Exercise prompt
Your answer must be the lines from the first record through the line that contains "ABES BRASIL REVISTA BIO", copied exactly and without any pictures.

Provided entries
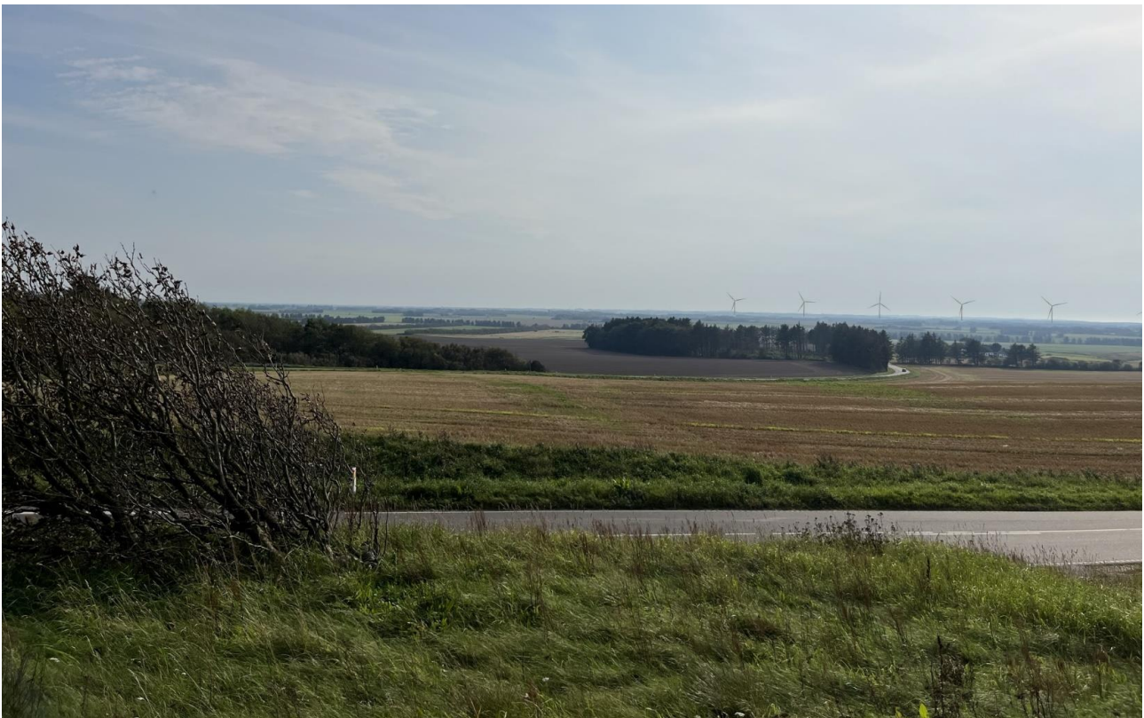
Figur 3: Visualiseringen viser vindmølle-alternativ 1 med 6 møller med en totalhøjde på 150 m set fra Børglum Kloster Mølle, som ligger umiddelbart nordvest for Børglum Kloster. Møllerne ses til højre i billedet, dog kan kun vingen af den sjette mølle anes i kanten af billedets højre side.
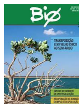
ABES BRASIL REVISTA BIO
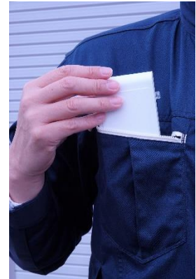
オールインワンながら 設置性に優れる コンパクト設計
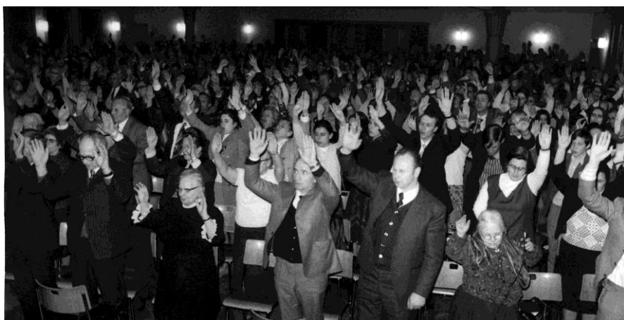
O adunare în Zürich, Elveția – Paște 1975
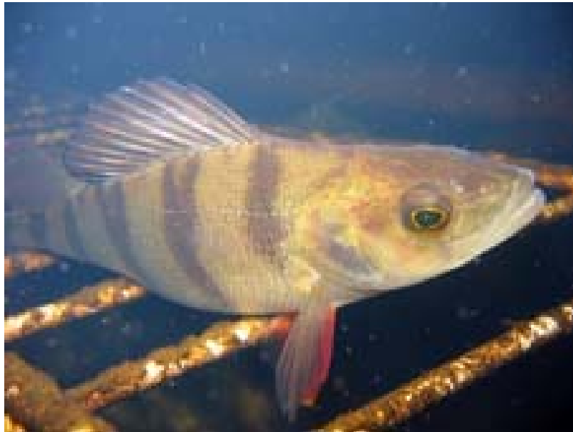
Tuskin enää koulutusta tarvitseva sukeltaja Ouluntullissa.

Mikäli koet kiinnostusta sukelluskurssien pitämiseen joko tänä tai tulevina vuosina, ilmaise asia mahdollisimman pikaisesti Juusolle.
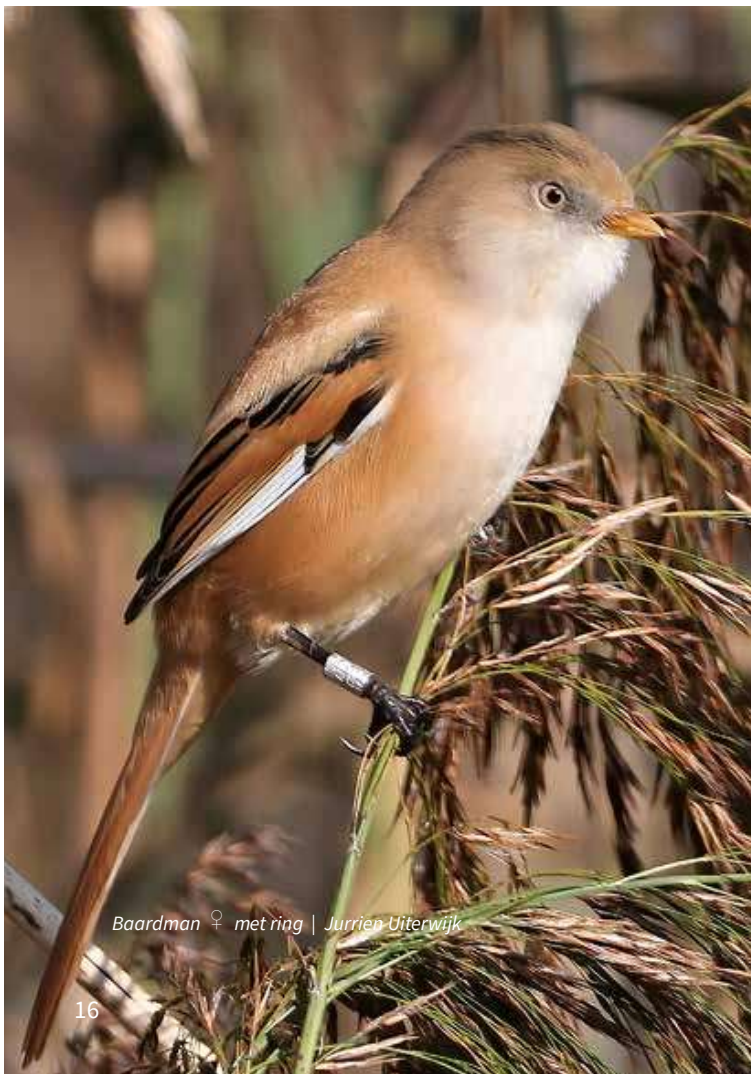
Baardman ♀ met ring | Jurrien Uiterwijk

Op de terugweg zag ik nog wel een mannetje Baardman heel mooi vrij zitten en kon het niet laten om daar een paar foto's van te maken. Ook nog een ander geringd vrouwtje op de foto gekregen die samen met het mannetje optrok. Helaas is ook deze ring niet volledig afleesbaar.
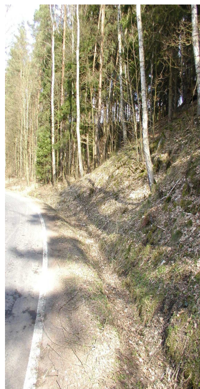
Km 1,050 vpravo
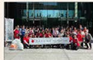
▲東京 青山クリーンアップ活動
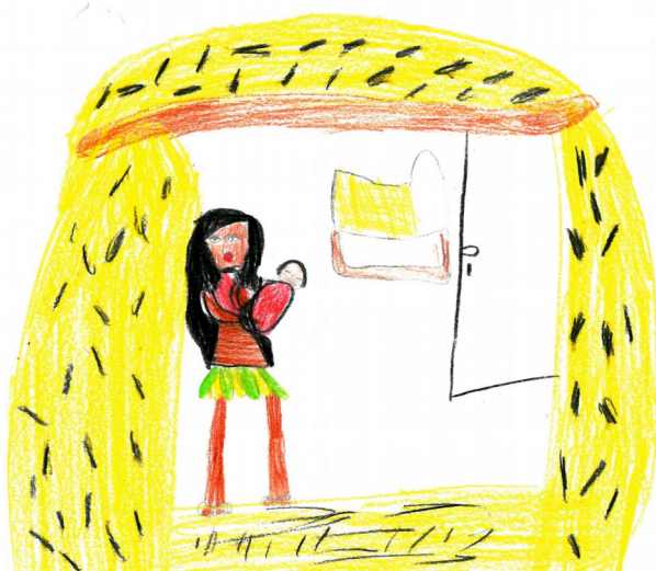
Barbora Grimová, III. třída
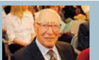
"Ars pulcherrima" al Ridotto

Un'esibizione fuori dal comune, che includeva anche "L'aube enchantée" di Ravi Shankar

Exercise solution
Figur 3: Visualiseringen viser vindmølle-alternativ 1 med 6 møller med en totalhøjde på 150 m set fra Børglum Kloster Mølle, som ligger umiddelbart nordvest for Børglum Kloster. Møllerne ses til højre i billedet, dog kan kun vingen af den sjette mølle anes i kanten af billedets højre side.
ABES BRASIL REVISTA BIO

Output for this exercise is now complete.